Monday, May 14, 2007

Ken Smith Landscape Architect

Book 2 of my summer reading frenzy:


Ken Smith Landscape Architect Urban Project

Source Books in Landscape Architecture

Edited by Nicola Bednarek

Ken Smith has to be a lesson in creative problem solving. The projects presented in the book have a very rigid list of parameters. Smith solves these in creative and vibrant ways.

The graphics and photo montages are beautifully executed and are to be aspired to. Smith’s play with form and color is intriguing. They are very architectural but have the sensitivity of a Landscape Architect.


PLAN OF HIRIYA LANDFILL PARK COMPETITION, TEL AVIV, 2004


My favorite of the three projects is not the East River Ferry Landings with the environmental overtones, but the children’s temporary school yard, P.S. 19 in Queens, New York.

Seemingly inexpensive materials are used to create unique, usable and exciting spaces for children. Vibrant dots and a cloudy blue sky change pavement and fence into what must be a surreal world for a child. The space itself is not altered very much; it is the experience of the space and the way the space is changed to be used that is the genius and lesson. In architecture school I learned to not see color. If you build it and it has to be a specific color then someone will come along behind you and paint it. Smith admits to the temporary qualities of his projects. The school buildings the design is built for is for temporary class rooms twenty years old.

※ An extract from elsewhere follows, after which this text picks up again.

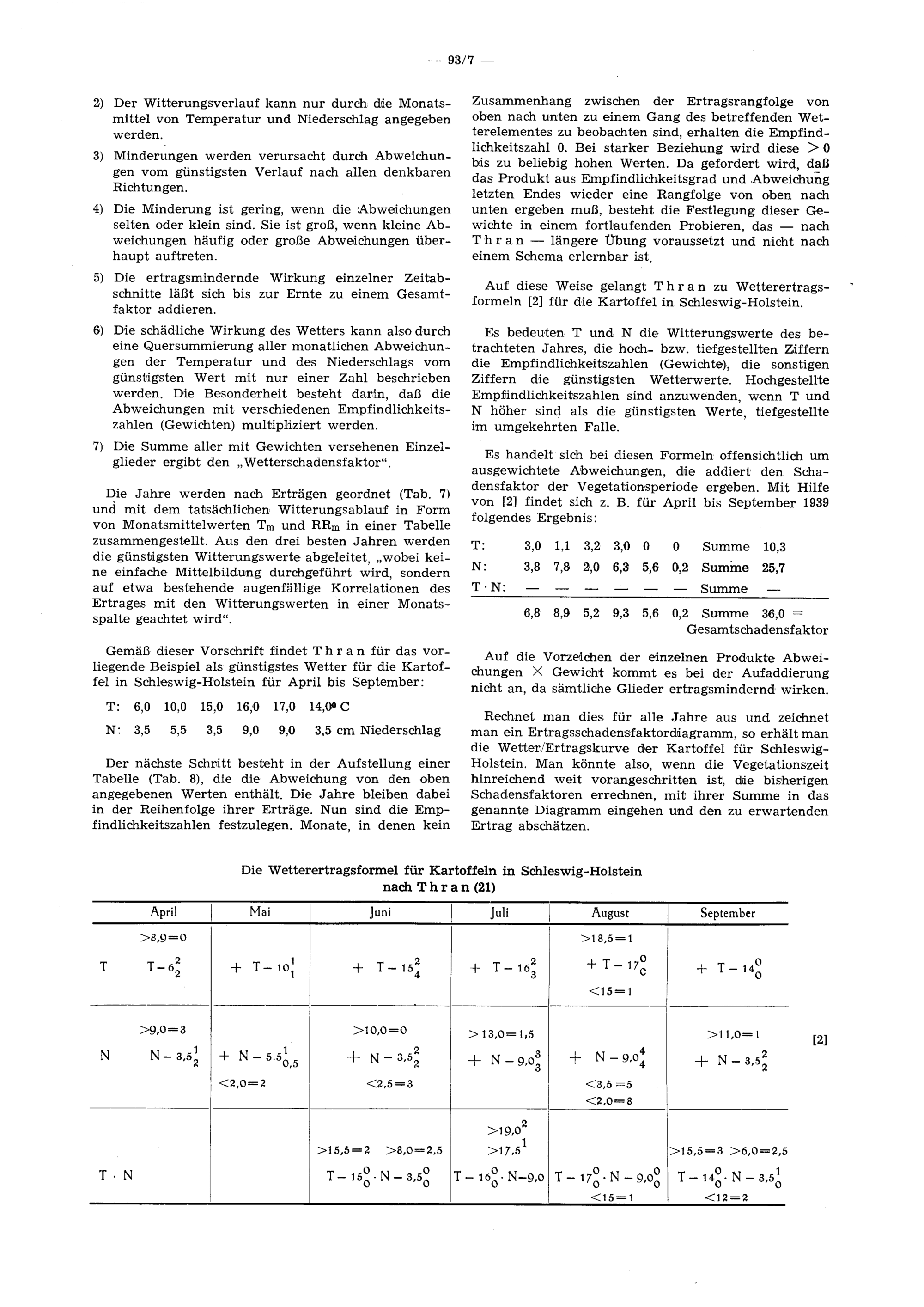2. Der Zusammenhang zwischen Witterung und Ertrag der Spätkartoffel

The butterfly and bird garden is beautiful, although not the focus of the garden. It has to be the escape-from-the-pavement and the resting space from the severity of the activity space. Colorful trash bins are changed into plant containers. Growing plants is an important interaction for children. Container gardening requires commitment and responsibility, and there are many lessons that can be taught through it. Cycles, growth, stewardship and science. The whole design becomes a learning extension from the inside to the outside.

Landscape Architecture needs to be that connection from the inside to the outside. It needs to be the human interpretation and transition zone between the built (the decaying) and the nature (life and growth). What better transition than garbage dumpsters becoming locations of growth?